1954 wurde er zunächst Kommandeur der 20. Panzerbrigade. Zwei Jahre später, nach Einer Beförderung zum Generalmajor, wurde ihm der Befehl über die 7. Panzerdivision übertragen. 1958 übernahm er das Kommando über das Royal Military College of Science in Shrivenham. 1961 wurde Hackett zum Generalleutnant befördert und wurde kommandierender General der Britischen Armee in Nordirland. 1963 wurde er stellvertretender Generalstabschef. Zwei Jahre später übernahm er das Kommando über die Britische Rheinarmee sowie die Northern Army Group der NATO.
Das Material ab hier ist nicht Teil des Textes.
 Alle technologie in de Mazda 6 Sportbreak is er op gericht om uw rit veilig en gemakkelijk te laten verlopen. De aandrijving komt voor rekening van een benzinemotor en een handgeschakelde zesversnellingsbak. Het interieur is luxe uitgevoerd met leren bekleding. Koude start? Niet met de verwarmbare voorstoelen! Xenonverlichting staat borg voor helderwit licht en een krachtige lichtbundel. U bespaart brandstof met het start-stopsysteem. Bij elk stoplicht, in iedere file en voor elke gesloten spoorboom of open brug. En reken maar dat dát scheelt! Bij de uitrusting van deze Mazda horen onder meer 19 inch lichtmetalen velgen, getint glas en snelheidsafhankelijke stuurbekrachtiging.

1968 schrieb Hackett einen Leserbrief an die Times, der am 6. Februar erschien und in dem sich Hackett kritisch über die Meinung seiner Meinung nach unzureichender Stärke der NATO-Streitkräfte in Europa (speziell der britischen) sowie über die unterschätzte Bedrohung durch dener Pakte . Da er dies als britischer Offizier nicht hätte tun dürfen, unterschrieb er den Brief offiziell als NATO-Offizier. Der Brief führte zu heftigen Kontroversen in der Öffentlichkeit und letztendlich zu Hacketts Pensionierung. [1] [2]
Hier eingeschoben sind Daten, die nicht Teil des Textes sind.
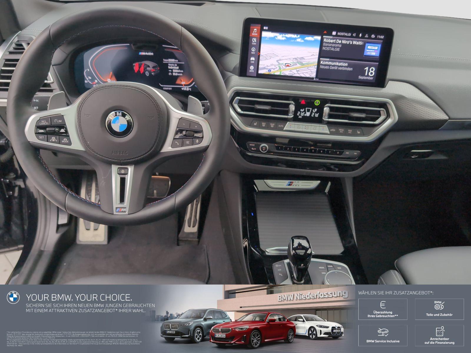 Ablagenpaket, ABS, Active Guard, Active Protection, Akustikverglasung, Alarmanlage mit Fernbedienung, Ambientes Licht, Anhaengerkupplung, Anhängerkupplung mit schwenkbarem Kugelkopf, Beifahrerairbag-Deaktivierung, BMW Apps, BMW Head-Up Display, BMW Laserlicht, BMW Live Cockpit Professional (laufzeitgebundener Dienst), Connected Package Professional (laufzeitgebundener Dienst), ConnectedDrive Services (laufzeitgebundener Dienst), DAB Tuner, Dachreling, Driving Assistant Professional, Fernlichtassistent, Galvanikapplikation für Bedienelemente, Harman Kardon Surround Sound System, Individual, Innen- und Außenspiegelpaket, Innenspiegel automatisch abblendend, Innovationspaket, Intelligenter Notruf, Klimaanlage oder -automatik, Klimaautomatik, Komfortzugang, Leder, Lehnenbreitenverstellung für Fahrer, Lenkradheizung, Lordose, Lordosenstütze für Fahrer und Beifahrer, M Aerodynamikpaket, M Dachreling Hochglanz Shadow Line, M Hochglanz Shadow Line, M Hochglanz Shadow Line, M Lederlenkrad, M Sportbremse, M Sportdifferenzial, M Sportfahrwerk, Panorama-Glasdach elektrisch, Parking Assistant Plus, Performance Control, Reifendruck-Kontrolle, Schiebedach, Sitzheizung, Sitzheizung für Fahrer und Beifahrer, Sitzlehnenverstellung im Fond, Sitzverstellung elektrisch, Sitzverstellung elektrisch mit Memory für Fahrersitz, Sonnenschutzverglasung, Sportfahrwerk, Sportsitze, Sportsitze für Fahrer und Beifahrer, Standheizung, Telefonie mit Wireless Charging, Teleservices, Variable Sportlenkung, Winterfreude Paket, Winterräder statt Sommerräder (nur für Autovermieter), WLAN Hotspot, LM Räder, ehemalige unverbindliche Preisempfehlung des Herstellers96.060,- EUR,Optional BMW Service Inklusive zusätzlich bestellbar, ehemaligesMietfahrzeug,2 Jahre BMW Premium Selection Garantie inkl. lt. Garantiebedingungen, Irrtümer und Zwischenverkauf vorbehalten

Nach seinem Rückzug ins Zivilleben war Hackett von 1968 bis 1975 Prinzipal am King’s College London.

Hackett verfasste zahlreiche Bücher über weitere Themen. Sein bekanntestes Werk ist das 1978 erschienene Buch Der Dritte Weltkrieg: Hauptschauplatz Deutschland (Originaltitel: Der Dritte Weltkrieg: August 1985). Darin beschreibt Hackett rückblickend einen fiktiven Angriff von Truppen des Warschauer Pakts auf Westeuropa im Jahre 1985, der nach einem begrenzten Atomkrieg mit einem Sieg der NATO-Truppen endet. Das Vorwort zur deutschen Ausgabe schrieb der deutsche General Johann Adolf Graf von Kielmansegg.


Über diese Kataloge

Die ausführlichen Kataloge beschreiben die Papiere der meisten Sammlungen des Zentrums, wobei es sich bei einer Sammlung normalerweise um die Papiere einer einzelnen Militärfigur handelt. Jeder ausführliche Katalog enthält eine allgemeine Einführung und eine Biographie der betreffenden Person. Die Beschreibungen sind normalerweise auf Einzelelement- oder Dateiebene. Zusätzlich zu den umfangreichen Detailkatalogen, die im Liddell Hart Center for Military Archives selbst verfügbar sind, werden für diese Site im World Wide Web Online-Versionen vorbereitet.